Boreham Wood 1 Havant & Waterlooville 0

09apr11
Conference South
Meadow Park, Boreham Wood
att. 168

As you leave Elstree & Borehamwood station and head in the direction of the town centre, the football club and, most notably, Elstree film studios, you find yourself stepping on the names of some of the leading actors that, I guess, would have worked at said studios over the years. Each name encased in a star, it’s pretty much a low-rent Hollywood Boulevard but nonetheless uses its limited space wisely to showcase the real titans of the film business: Jack Nicholson; Peter Sellers; and, of course, Reg Varney.

Nowadays Elstree is most well known as the home of Eastenders and speaking of things episodic and largely depressing, let me bring you to tales of our end-of-season run in. Following two back-to-back away wins at Basingstoke and Dover, hopes turned once more to us repeating the end of last season; crash-bang-walloping our way back into play-off contention.





However, this was then followed up with two home games that saw us lose to Chelmsford and gather just a point when we played Dover for the second time in six days. These results took our enthusiasm and perforated it as though it were an extra-leaky tea-bag. In morale terms, there are Tetley granules all over the kitchen floor.
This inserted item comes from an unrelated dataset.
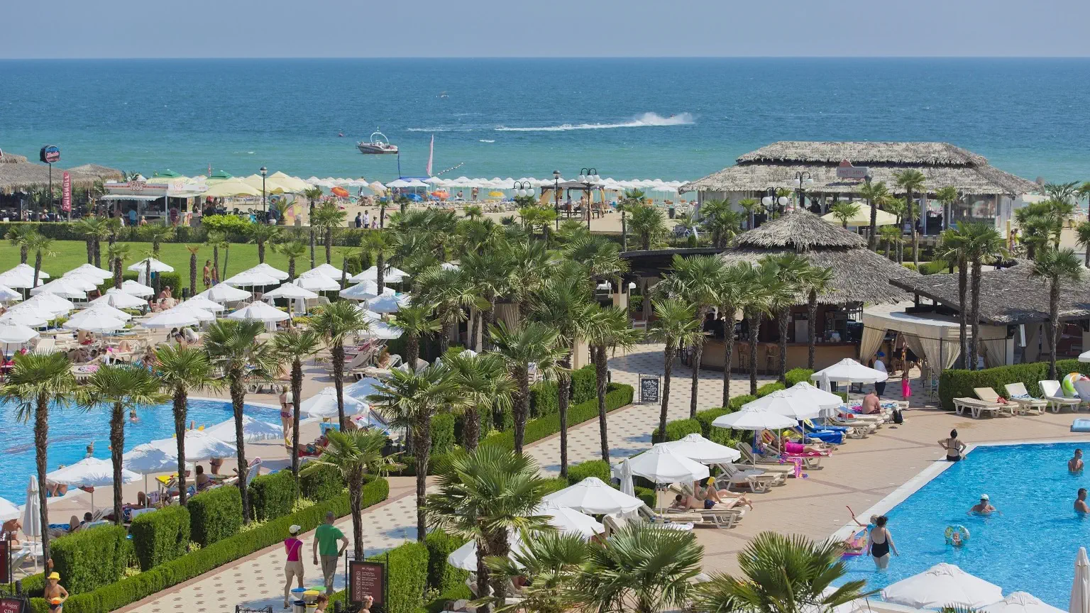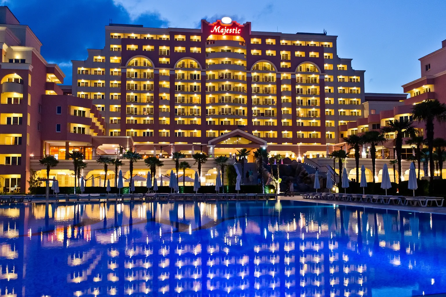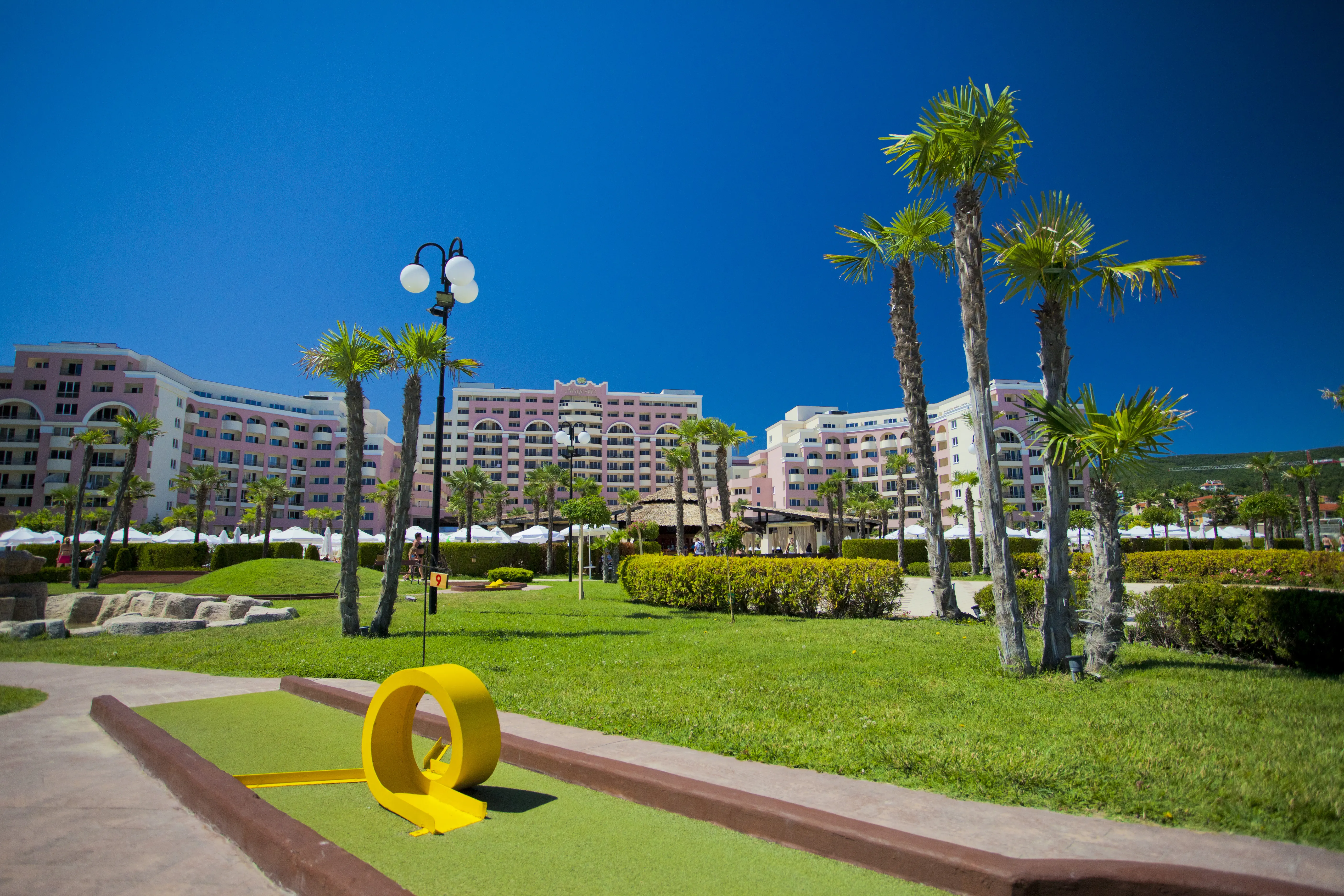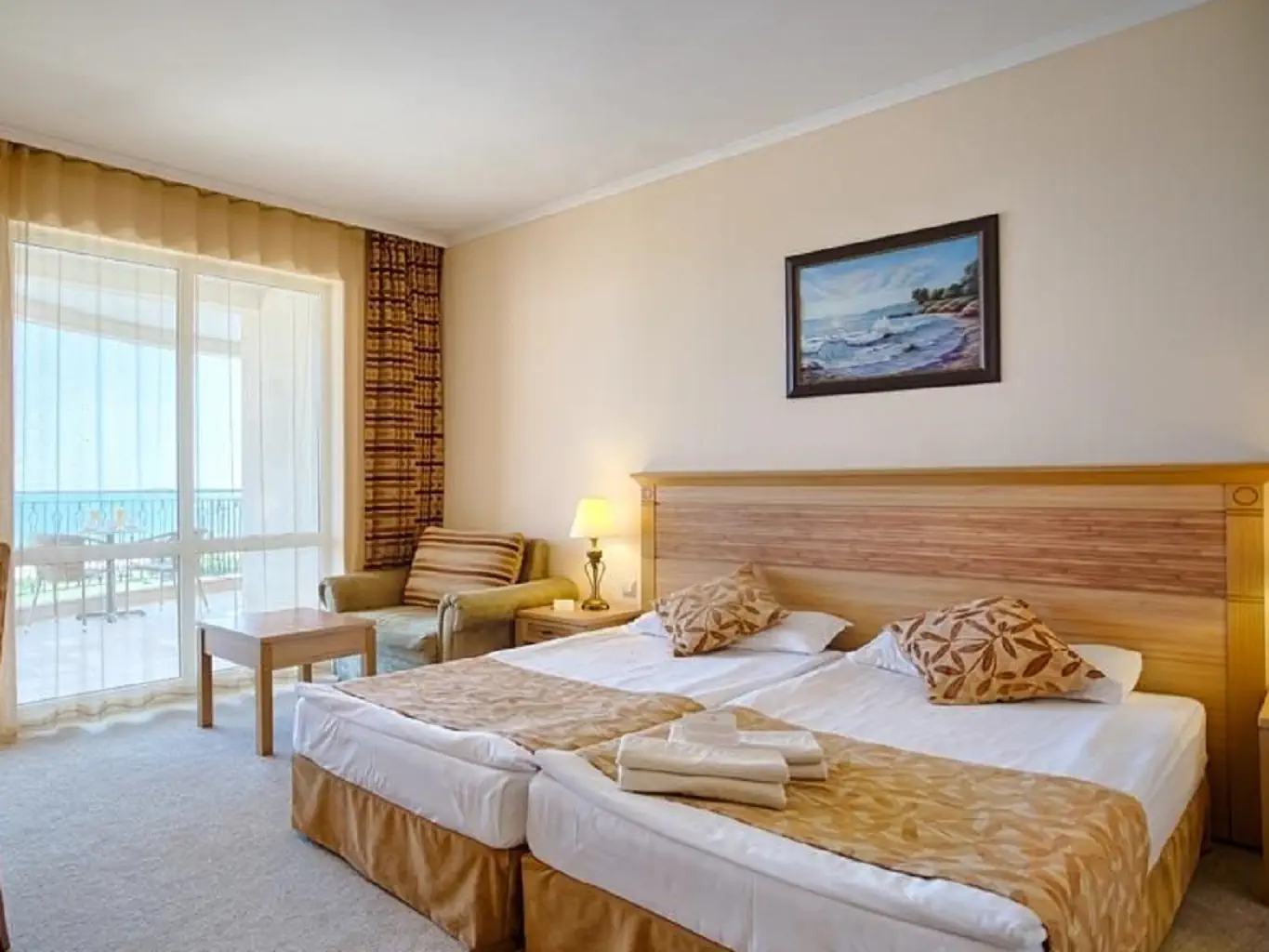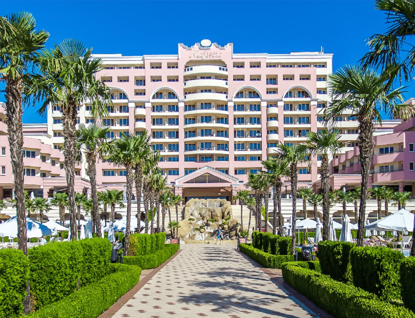 Czterogwiazdkowy hotel położony przy piaszczystej plaży w znanym kurorcie Słoneczny Brzeg z wieloma restauracjami i barami dookoła. Polecany na przyjazd rodzinom z dziećmi
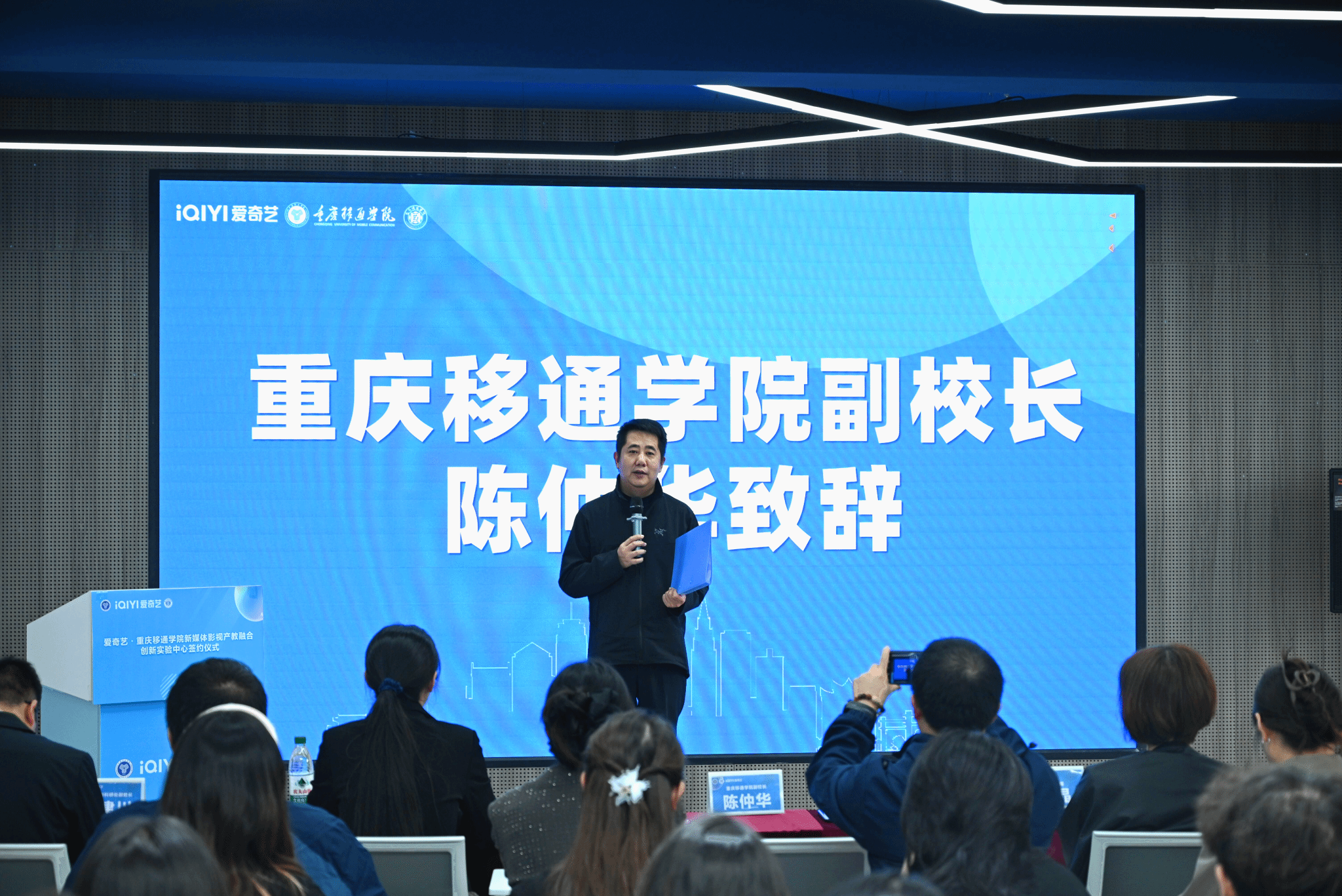 创新中心是由重庆移通学院与爱奇艺为加强校企合作,推动产教融合而联合共建的实验基地,旨在整合双方优势资源,培养更多新媒体影视创新人才。签约仪式上,重庆移通学院副校长陈仲华首先发表了热情洋溢的欢迎辞。他指出,学校将依托爱奇艺的行业资源和平台优势,结合艺术传媒学院的专业特色与双体软件精英产业学院的企业化培养模式,共同设计课程体系、开发实训项目、搭建实践平台,为学员们提供从理论学习、实践操作到就业创业的全方位、全链条服务。陈仲华副校长表示,通过与爱奇艺的合作,学院将能够更好地对接行业需求,为学生提供实践平台,同时也为企业输送更多优秀人才。

Those standing behind the goal here at Meadow Park may have discerned, faintly, a sound like a lowing cow in a distant milking shed, or someone squeaking out an unexpectedly long raspberry fart. To cut a long story short, this was the sound of the energy wheezing out of our season like air from a punctured balloon. With Boreham Wood lacking a following and the legs-out weather, this game was always going to feel a bit like a pre-season friendly and the action did nothing to persuade us that this wasn’t, in fact, the third week in July.





A good strong opening eight minutes by the Havant ‘Ville was topped, as is often the way of these things, by a goal for the opposition, Greg Morgan striking handsomely past Aaron Howe. After that, we sat through 80 minutes of neither team doing very much of note, only enlivened by a Muzzy Tiryaki header which sailed just over the crossbar, and a moment when Wood keeper Elvijs Putnins stepped behind his goal-line after catching the ball, although not enough to trouble the linesman.

So, now we find ourselves with six more games to play fighting, in the main now, to retain a place in the top ten. We are stationed ninth and the gap between ourselves and eighth place Woking runs to 13 points. There is a positive spin to be applied here, of course. When all is said and done we are presently at the acme of the ‘nothing left to play for’ league.

I said WE. ARE. TOP OF THE LEAGUE. WE ARE TOP OF THE LEAGUE.

1 comment:

graham northmore said...

A well written account of a summery afternoon in the 'Wood! Shame the match didn't match the glorious weather...but as you say, still TOP OF (a) LEAGUE!!!